Listen to the way we’re spoken to already, as if everyone is stuck in some class or station in life, victims of circumstances beyond our control, with government there to help us cope with our fate. 
It’s the exact opposite of everything I learned growing up in Wisconsin, or at college in Ohio.  When I was waiting tables, washing dishes, or mowing lawns for money, I never thought of myself as stuck in some station in life.  I was on my own path, my own journey, an American journey where I could think for myself, decide for myself, define happiness for myself.  That’s what we do in this country. 
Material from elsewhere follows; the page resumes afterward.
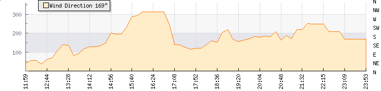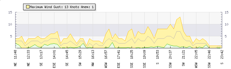 In the last few minutes the wind was Southerly at an average speed of 7 knots, reaching up to 13 knots and a low of 0 knots. The gust strength is13 knots above the minimum speed |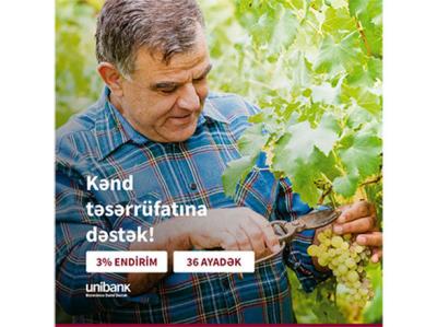 İndi Unibank-dan 300.000 AZN-dək kənd təsərrüfatı kreditini 3% endirimli alıb, biznesinizi daha da böyüdə bilərsiniz.

There's no such thing as a circumstance beyond our control -- Republicans won't hear of it. Opportunity always exists, no matter how many jobs are outsourced, no matter how many potential consumers are deterred by debt. Acknowledging systemic obstacles isn't the same thing as saying, as Ryan insinuates, that poor people are stuck in some kind of dependent caste. But Ryan has no more to offer to people to whom obstacles do seem insurmountable than "I think I can, I think I can." It's a comfortable philosophy, since it can dismiss any failure as a failure of will. Nor is he much of a role model, compared to his mother, since he was on a political career track from an early point -- with Mom's encouragement. He probably has a small fraction of the practical experience his mother acquired; as a politician he probably can't help offering platitudes instead of practical advice. I'd rather hear from Mrs. Ryan Douglas about her experience and whether the politicians or the corporations are to blame if she deems it more difficult for people to emulate her. Since she's tagged along on the campaign trail already, and the Republicans want to sell themselves as the party of entrepreneurs, not the party of a "political class," it should be obvious that Mitt Romney has tapped the wrong Ryan as his running mate.